The defining collaboration of his career began with Left Behind in 1995. LaHaye originated the concept and supplied the prophetic and theological framework, while Jenkins shaped the material as narrative fiction. The story of the Rapture, the Tribulation, the rise of Nicolae Carpathia, and the resistance of the Tribulation Force grew into a vast publishing phenomenon. The core adult sequence expanded through twelve principal novels, three prequels, and the concluding Kingdom Come, while the wider franchise produced additional branches for younger readers and other related works. For Jenkins, the series transformed a long-established professional career into international recognition.
Yet Left Behind represents only one part of a remarkably dispersed bibliography. Jenkins has written standalone novels such as Riven, crime fiction including the Precinct 11 books, and collaborative speculative or adventure series for younger readers. With Chris Fabry, he worked on projects including the Red Rock Mysteries and the Wormling series. His long output also includes earlier mystery, youth, sports, and family-oriented series that can appear quite separate from the apocalyptic fiction for which he became famous.

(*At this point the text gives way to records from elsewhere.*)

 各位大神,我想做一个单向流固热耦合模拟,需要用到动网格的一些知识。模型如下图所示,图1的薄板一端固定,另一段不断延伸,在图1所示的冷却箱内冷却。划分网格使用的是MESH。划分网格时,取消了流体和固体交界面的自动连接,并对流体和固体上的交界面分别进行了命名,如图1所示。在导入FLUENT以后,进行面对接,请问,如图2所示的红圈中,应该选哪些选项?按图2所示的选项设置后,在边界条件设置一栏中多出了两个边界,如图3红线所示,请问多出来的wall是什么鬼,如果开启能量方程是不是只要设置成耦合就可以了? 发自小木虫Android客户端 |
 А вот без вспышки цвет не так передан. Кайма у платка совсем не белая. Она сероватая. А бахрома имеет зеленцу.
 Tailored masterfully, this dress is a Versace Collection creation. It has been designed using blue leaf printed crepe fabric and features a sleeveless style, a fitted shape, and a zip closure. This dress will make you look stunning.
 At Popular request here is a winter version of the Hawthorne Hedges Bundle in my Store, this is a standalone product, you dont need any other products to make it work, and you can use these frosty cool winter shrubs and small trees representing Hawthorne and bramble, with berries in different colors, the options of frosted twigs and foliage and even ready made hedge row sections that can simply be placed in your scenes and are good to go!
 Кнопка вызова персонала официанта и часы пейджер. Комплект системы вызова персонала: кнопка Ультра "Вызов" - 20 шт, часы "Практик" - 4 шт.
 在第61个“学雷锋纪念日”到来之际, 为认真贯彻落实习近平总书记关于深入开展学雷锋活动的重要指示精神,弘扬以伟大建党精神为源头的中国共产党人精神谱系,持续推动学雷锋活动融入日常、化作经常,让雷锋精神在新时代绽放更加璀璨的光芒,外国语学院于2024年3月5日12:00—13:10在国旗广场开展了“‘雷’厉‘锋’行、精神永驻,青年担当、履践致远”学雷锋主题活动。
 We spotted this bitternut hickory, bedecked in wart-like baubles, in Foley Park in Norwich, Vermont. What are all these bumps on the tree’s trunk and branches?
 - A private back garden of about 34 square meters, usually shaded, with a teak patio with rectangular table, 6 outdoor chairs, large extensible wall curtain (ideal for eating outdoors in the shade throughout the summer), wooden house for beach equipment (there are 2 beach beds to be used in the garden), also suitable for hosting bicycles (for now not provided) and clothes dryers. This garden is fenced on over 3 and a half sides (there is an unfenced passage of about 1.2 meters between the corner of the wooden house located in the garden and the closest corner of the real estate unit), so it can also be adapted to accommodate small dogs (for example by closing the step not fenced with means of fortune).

Another major collaboration with LaHaye produced the Jesus Chronicles, a sequence of biblical historical novels centered on the traditional Gospel writers. In a later phase of his career, Jenkins became closely connected with The Chosen, the television drama created by his son Dallas Jenkins. His novels based on the series translate its screen interpretation of the life and ministry of Jesus into prose, extending his longstanding involvement with biblical and Christian storytelling into a contemporary multimedia franchise.
Jenkins has also been an accomplished biographer and collaborator behind other public figures’ stories. Among his most notable contributions was assisting Billy Graham with the evangelist’s memoir Just As I Am. This aspect of his work shows why a simple label such as “Christian novelist” does not fully describe his career: he has repeatedly moved between authored fiction, co-authorship, biography, editorial work, and projects in which another person’s experiences or ideas provide the foundation.
His bibliography is therefore best understood through its major clusters rather than as one continuous progression. Left Behind forms the dominant apocalyptic sequence; The Chosen novels represent a later biblical-fiction phase; his sports and celebrity biographies belong to a substantial nonfiction career; and numerous mysteries, youth adventures, collaborations, and standalones fill out a body of work notable for both volume and range. Across those different forms, Jenkins’s strongest continuity is his identity as a working storyteller—one whose career was extensive long before his most famous series turned him into one of the best-known authors in modern Christian publishing.